Perfect Blue
7.8
Perfect Blue

Long-métrage d'animation de Satoshi Kon (1997)

Perfect blue est une leçon de cinéma. Un cas d'école, un des exemples à montrer aux étudiants de la FEMIS. Si la perfection s'affiche dans le titre, elle n'est pas loin de s'appliquer également au film.


Perfect Blue est un film d'une force sidérante car il arrive à développer plusieurs thématiques jusqu'à leur terme avec une des moyens épurés à l’extrême. Satoshi Kon utilise tous ses outils de cinéaste pour bâtir sa cathédrale d'images aux proportions parfaites.

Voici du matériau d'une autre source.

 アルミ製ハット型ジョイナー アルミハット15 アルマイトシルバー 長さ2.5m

Difficile d'écrire sur ce film tant il est dense, autant sur le fond que la forme. Comme d'autres chefs d’œuvre, il aura besoin de plusieurs visionnages pour être digéré, assimilé. Une œuvre protéiforme, mutante, charnière dans une animation nippone compétitive et plus généralement dans l'industrie du cinéma.


Perfect Blue est un film sur la réflexion et la dualité. Mima, la gentille chanteuse nunuche, pour s'émanciper, quitte le trio du groupe Cham. Trois filles, une chanson, un visage. L’Ambiguïté identitaire s'immisce dès les premières minutes et ne quittera plus le film. Mima, devient actrice, se transforme, son image s'assombrit, elle franchit l'étape enfance/adulte par la sexualité. Viol physique et mental, par un groupe d'hommes sans visages ou un photographe au regard tronqué, cyclope à l’œil d'objectif photo.

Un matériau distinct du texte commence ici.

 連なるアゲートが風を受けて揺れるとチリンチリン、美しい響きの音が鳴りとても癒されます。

L'image de soi, l'identité, la place de l'image dans la société moderne, l’aliénation, autant de thèmes que Kon arrive à traiter avec maestria, les imbriquant les uns aux autres, jouant avec le rythme, les contrastes, les flashbacks, les boucle temporelles, les reflets, les couleurs etc... La grammaire de Satoshi Kon est complexe mais d'une fluidité cristalline. Il y a une telle richesse créative que chaque scène regorge de subtilités qu'il est difficile d'appréhender au premier visionnage. Il y a du Lynch, du Kubrick, du Cronenberg. Une volonté d'efficacité, un art de la concision où rien n'est de trop, comme une perle qui arrive à maturité après le dépôt de sa dernière couche de nacre.

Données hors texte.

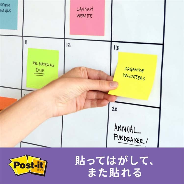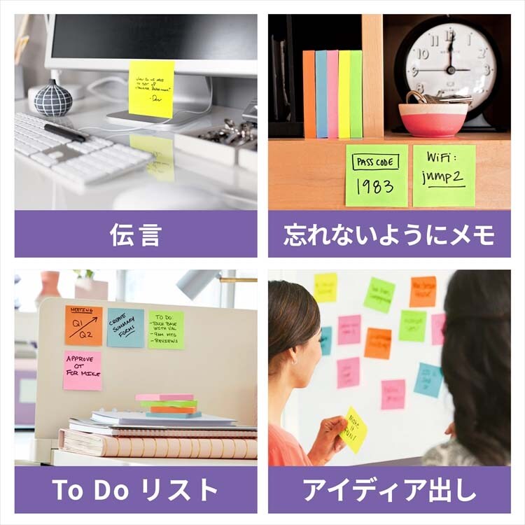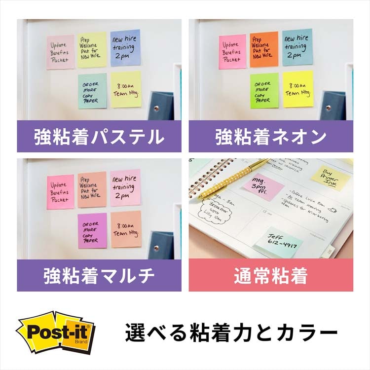 ●強粘着タイプのポスト・イット(R)ノートです。パソコンのデスクトップやキャビネット、樹脂製品などつきにくかった場所にしっかり貼れます。

La virtuosité du couple montage/narration est impressionnante. Il faut voir avec quelle aisance les images se mettent aux service de l'histoire, où chaque plan appuie sur un effet précis pour transcender la mise en scène. Les liens schizophrènes entre les différents niveaux du film sont toujours réfléchis, aucun n'est gratuit, le spectaculaire est toujours sous le joug de l'intrigue. Il ressort alors un rare sentiment de cohérence malgré la déstructuration apparente du film. Il existe toujours un lien, même infime, entre Mima, ses reflets, Mimaniac, Rumi, le film Double lien, les meurtres etc...


La frontière entre virtuel et réel est malmenée tout du long, référence à la schizophrénie du métier d'acteur. Un autre paradoxe délectable du film repose sur sa nature même : un film d'animation, d'images animées, qui traite de la distinction entre réel et imaginaire. Qu'est ce qui est réel ou imaginaire dans un film qui n'est composé que de dessin ?


Satoshi Kon est un peintre. Rouge et bleu ressortent de son film comme des lignes tangibles auquelles Mima peut se raccrocher. Comme si le cinéaste s'incarnait lui-même dans le film pour ajouter un autre niveau de réalité.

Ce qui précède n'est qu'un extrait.